They are named for their three-lobed, segmented exoskeleton, which is divided lengthwise into a central axis and two pleural lobes.
The Upper Cambrian strata of the McKay Group near Cranbrook, southeastern British Columbia, preserve a modest but scientifically important assemblage of trilobites that record life along the western margin of Laurentia roughly 497–485 million years ago.
During this interval, the region lay beneath a warm, shallow epicontinental sea, where fine-grained siliciclastic sediments accumulated on a broad continental shelf.
The trilobite faunas from the McKay Group are dominated by polymerid trilobites typical of Upper Cambrian shelf environments, including representatives of the families Pterocephaliidae and Elviniidae, with taxa comparable to Pterocephalia, Elvinia, and allied genera documented elsewhere in the Cordilleran margin.
They are characterised by well-developed cephalic borders, pronounced glabellar furrows, and reduced or effaced pygidia—morphological features commonly associated with soft-substrate, low-energy settings.
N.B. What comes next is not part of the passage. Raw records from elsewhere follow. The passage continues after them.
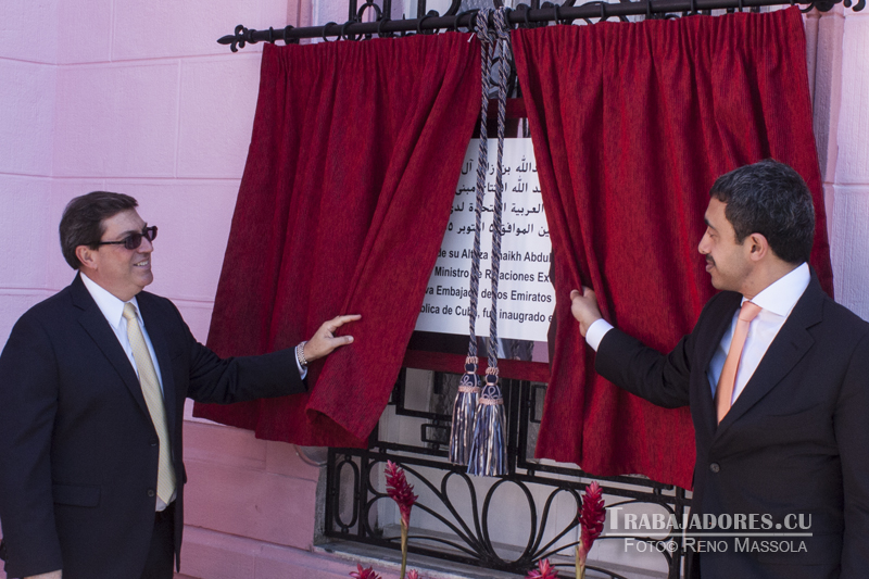Bruno Rodríguez Parilla, ministro de Relaciones Exteriores de la República de Cuba y su Alteza el Jeque Abdullah Bin Zayed Al-Nahyan, ministro de Asuntos Exteriores de los Emiratos Árabes Unidos (EAU), develaron en la tarde de este lunes la tarja conmemorativa de la inauguración de esa misión diplomática en nuestro país, sita en el capitalino municipio Playa.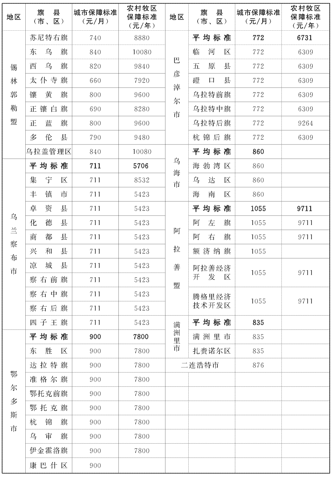 1.内蒙古自治区2022年最低生活保障标准一览表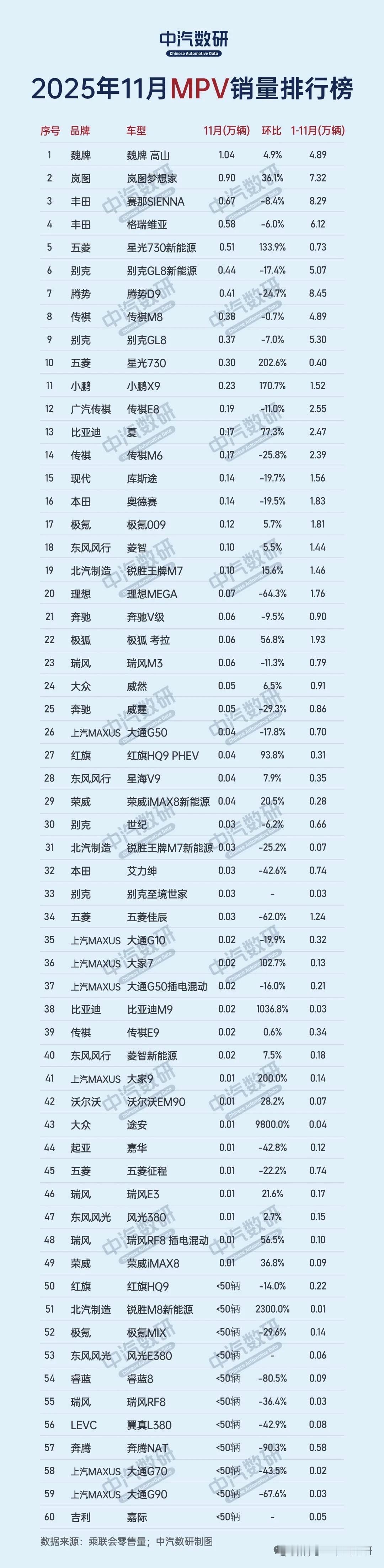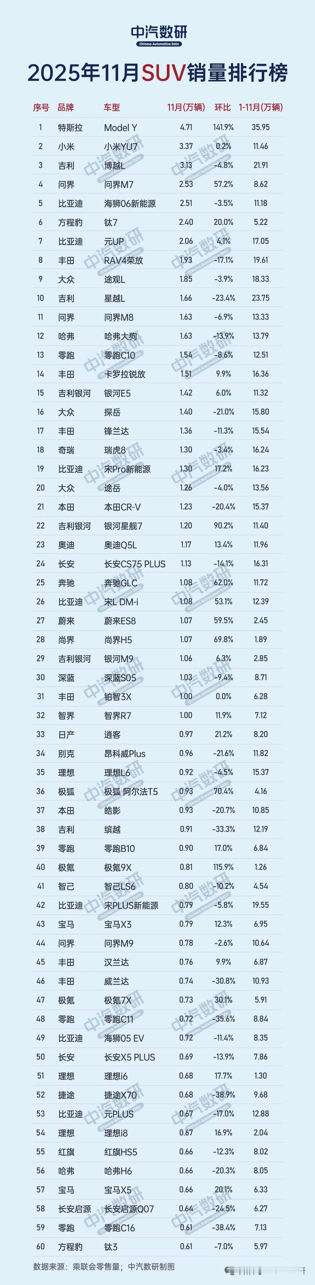 看到了中汽数研的销量。 2025年11月轿车销量TOP3分别为:五菱宏光MINIEV,5.68万辆,1-11月累计销量40.62万辆;吉利星愿,4.20万辆,1-11月累计销量42.96万辆;日产轩逸,3.84万辆,1-11月累计销量29.60万辆。 2025年11月SUV销量TOP3分别为:Model Y,4.71万辆,1-11月累计销量35.95万辆;小米YU7,3.37万辆,1-11月累计销量11.46万辆;博越L,3.13万辆,1-11月累计销量21.91万辆。 2025年11月MPV销量TOP3分别为:魏牌高山,1.04万辆,1-11月累计销量4.89万辆;岚图梦想家,0.90万辆,1-11月累计销量7.32万辆;丰田赛那,0.67万辆,1-11月累计销量8.29万辆。【来自懂车帝车友圈】

Preservation is generally as disarticulated sclerites—isolated cephala, thoracic segments, and pygidia—suggesting post-mortem transport or periodic storm reworking on the Cambrian seafloor.
As a guest of Chris New and Chris Jenkins (and collecting with great friends from the VIPS & VanPS) I have gleefully explored these Upper Cambrian exposures.
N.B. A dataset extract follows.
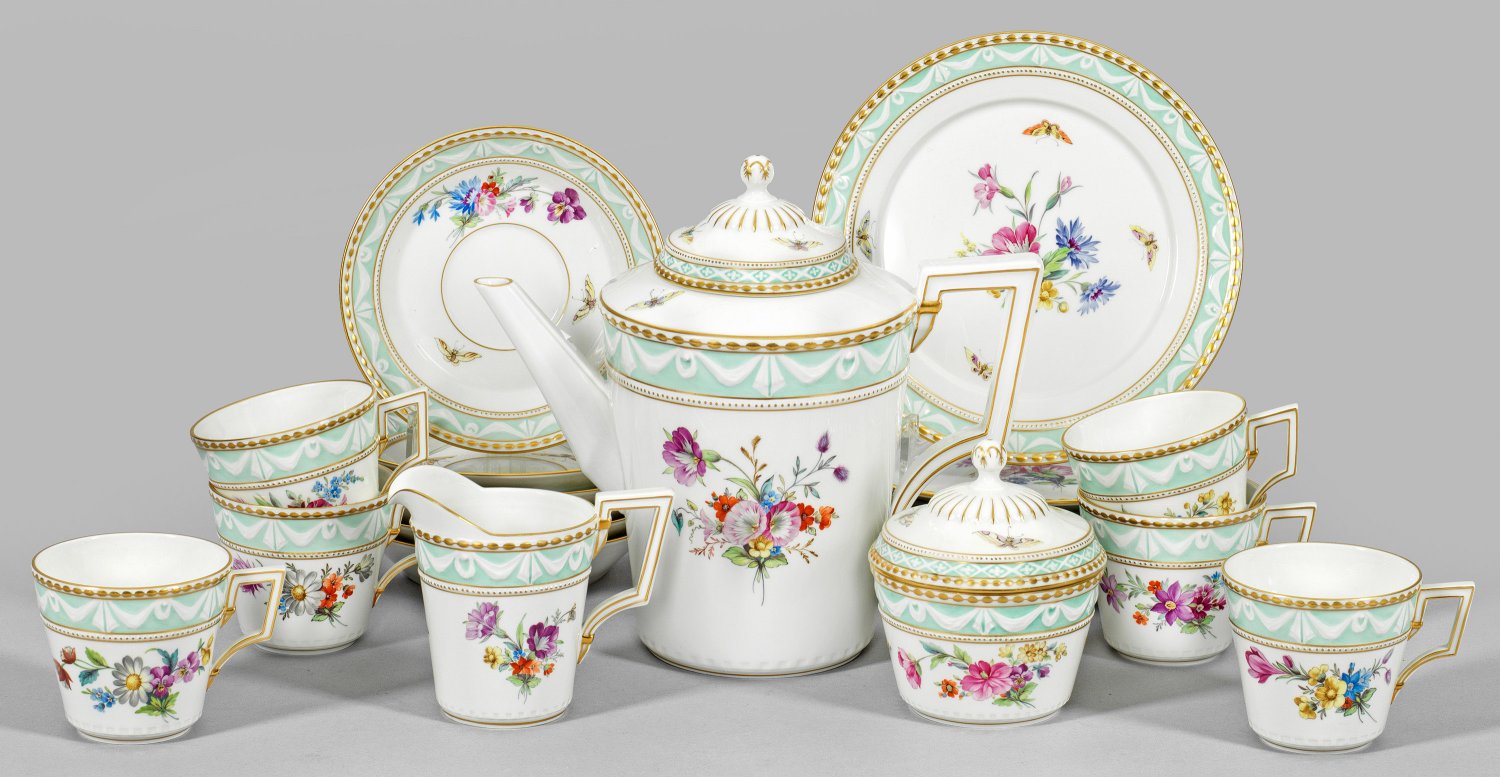 für 6 Personen. 15-tlg.; Kaffeekanne, 6 Kaffeetassen mit Untertassen, Sahnegießer, Zuckerdose, 6 Kuchenteller. Auf Wandung, Deckel und Fahne umlaufend feine Bordüre mit reliefierten Perlstäben und Tuchgehänge vor einem türkisfarbenen Fond. Farbenfroher Dekor aus sommerlichen Blumengebinden und Schmetterlingen in polychromer Malerei. Goldstaffage. Zepter- und Malereimarke. Kannen-H. 22 cm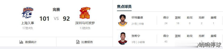 此役,怀特塞德拿到24份18篮板2抢断1盖帽,张镇麟拿到12分4篮板8助攻1抢断3盖帽,两人都是末节帮助上海赢球的最大功臣!贺希宁今晚空砍43分4篮板,确实已经尽力了,无奈球队轮转深度不够。

Most of my earlier travels in the area focused on the Lower Cambrian Eager Formation, and it was only in the early 2000s that I first explored the bounty nearby.
The McKay group offers a tantalizing selection of fauna and vastly different preservation than what we find in the Eager Formation.
Much of my collecting benefited from natural erosion, leaving the fossils sitting pretty on the surface. Excavation did yield some finds, including my best specimen of all my trips. I'll find that lovely and share a photo with all of you.
The assemblage provides valuable biostratigraphic control, allowing correlation of the McKay Group with coeval Upper Cambrian successions in the western United States and other parts of British Columbia.
A huge thank you to Dan Bowden and Chris Jenkins (who are both deeply awesome) for their help with the ID! Appreciate you two!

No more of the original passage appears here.